I have heard of Geanakoplos, but mostly because he won the U.S. Junior (under 21) Chess Championship in 1970 at the age of only 15! It has always seemed to me that players who were that good at an early age are often very imaginative thinkers. And it certainly appears that Geanakoplos has done an impressive body of work.
Another well known economist who is an even better chess player is Harvard's Ken Rogoff. In fact, Rogoff interrupted his early educational and professional career to become a FIDE-titled International Grandmaster while he was in his 20s.
Recently he and Cuban-born Carmen Reinhart have teamed up to do some excellent work on the history of financial crises going back hundreds of years. One of their key points is that countries tend to have great difficulty digging out when they allow their debt/GDP ratios to approach 100%, and that such a level of debt lessens prospects for robust, sustained growth. They note that Japan, while in deep trouble, may have an easier time getting away with this sort of thing than we would, since most of their debt is domestically held -- just as ours was when we financed World War II.
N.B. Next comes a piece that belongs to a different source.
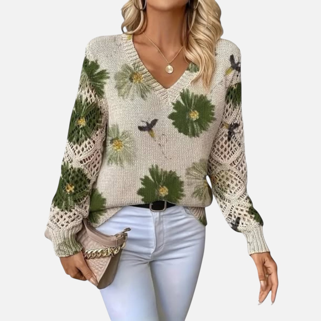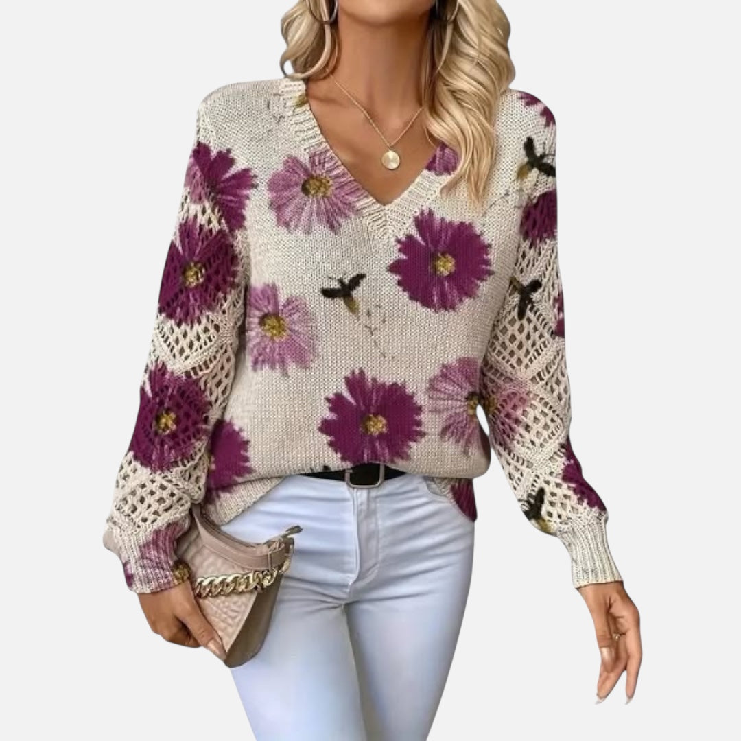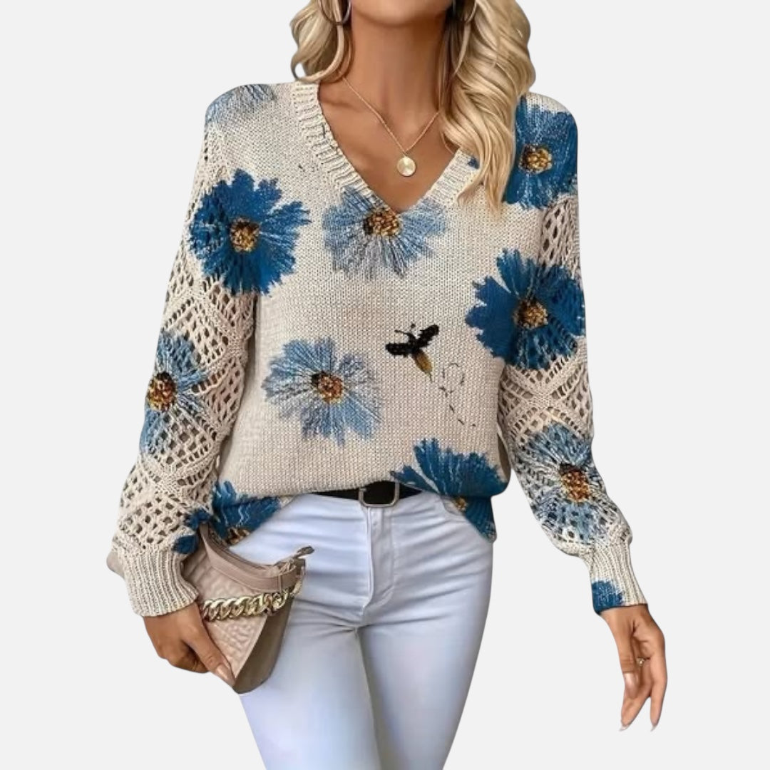 Catarina - Πλεκτή μπλούζα με φλοράλ σχέδιο

Rogoff certainly does not support the Krugman prescription and warns against what he calls a "panicked fiscal surge."
Maybe his chess experience serves him here. It is not uncommon for a player to sacrifice a pawn (or two) in return for a strong initiative or attacking chances. But if you fail to win in the middlegame, you face the bleak prospect of going into the endgame material down. Against a good player, that's virtually hopeless.
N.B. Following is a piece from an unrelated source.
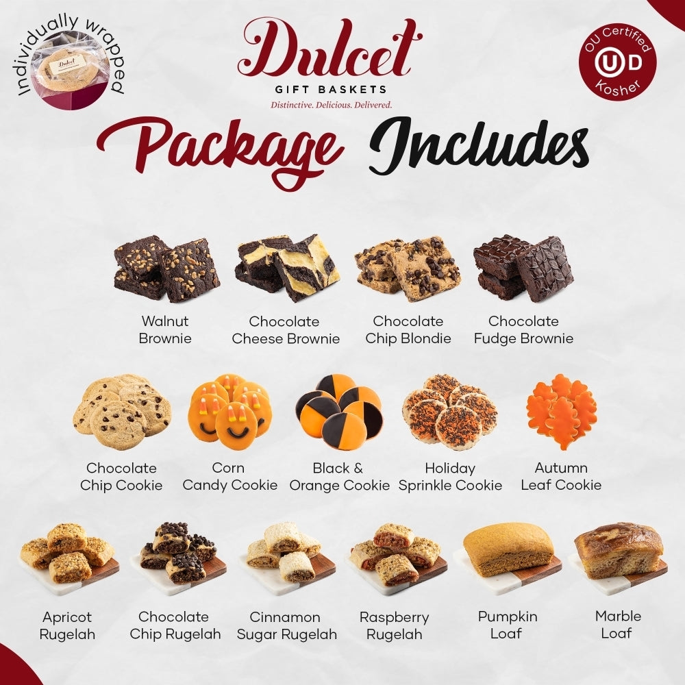 Delight in the ultimate Halloween gift experience with Dulcet's irresistible offering! This exquisite set features two elegantly stacked signature cardboard boxes, brimming with festive baked treats that capture the essence of the holiday. Indulge in the rich flavors of rustic pumpkin loaves, savor the warmth of cinnamon-spiced cookies, and enjoy the playful contrast of orange and black cookie rounds. Perfect for gifting, simply add your personal message to create a memorable surprise that will be cherished. Elevate your Halloween celebrations with these fresh, flavorful delights that promise to impress.

In Japan, we've clearly seen the metaphorical equivalent of failing to win in the middlegame; that is, a failure to punch the economy into sustained growth with a huge fiscal jolt. Rogoff is apparently concerned that we are at risk of doing that.
I might suggest that if we took Krugman's advice, instead of inexorably heading for the endgame a pawn down, we might be a
rook down!
As to Kartik Athreya's idea that only PhD economatricians should be allowed to have opinions, that's the kind of stupid shit that got us into this problem to begin with. We have far too many economatricians who are all too wrapped up in their economometric models, and not enough people with a good background in theory who can sit back and say, "But that doesn't make any sense! Just think about it for a second and ignore the pretty math."
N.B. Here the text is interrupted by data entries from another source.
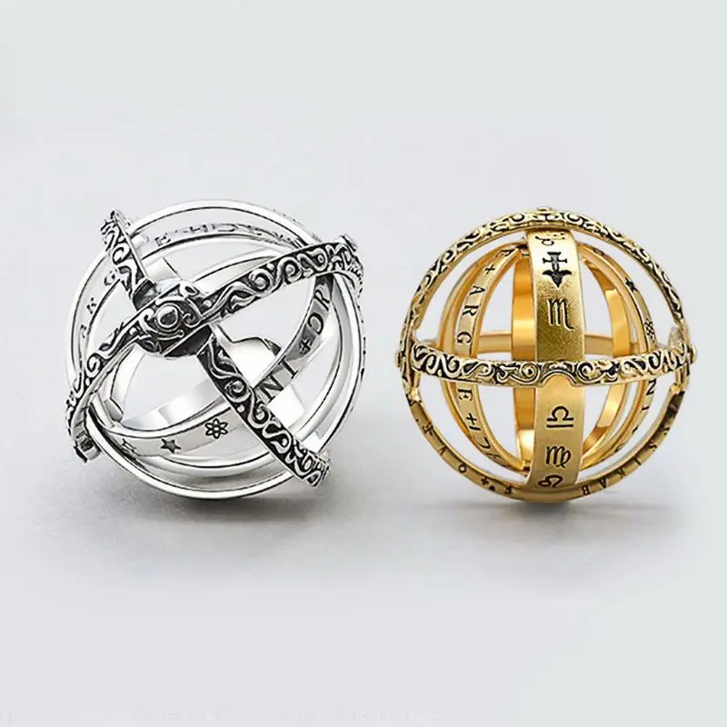 Кольцо на палец, деформируемое астрономическое складное резное старинное Золотое античное серебро для женщин и мужчин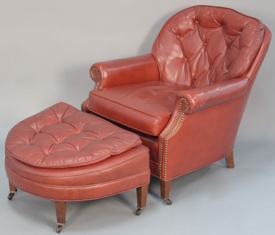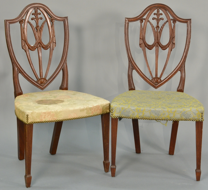 Federal mahogany upholstered armchair with molded arms and arm supports and upholstered serpentine seat set on square tapered legs, circa 1790-1810. ht. 44 1/2 in. seat ht. 16 in.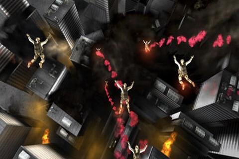 游戏的操作非常有趣,采用不同的场景以不同的操作来控制,当玩家刚出来的时候是在高空跳伞,所以只要摇动手机用重力感应来控制人物移动方向即可。在跳伞的时候我们要控制人物不让其与其他人相撞,灵活的摇动手机是非常重要的,而且以第一人称的视角让玩家不仅仅是左右摇动,还需要前后摇动一起控制,可不是那么简单就能完成的。

Originally Posted by TexTushHog
Ain't that the truth!
Did anyone hear about the Blinder-Zandi paper that just came out a couple of days ago? These guys actually argue that the fiscal portion of the policy response was working because
their models said it would work! Seriously, you can't make this stuff up. But I suppose it's hard to find anything else that buttresses their claims. Of course, Zandi is the guy who said last year that giving away food stamps, according to his model, gives you a fiscal multiplier of 1.73! Since they were two of the leading cheeleaders for the whole idea, I guess it's understandable that they would try to paint some sort of happy face on it.
And one of my economics professors favorite quotes, attributed to various people, most notably George Bernard Shaw, was "If all the economists in the world were laid end to end, it would be a good thing."
Originally Posted by TexTushHog
LOL!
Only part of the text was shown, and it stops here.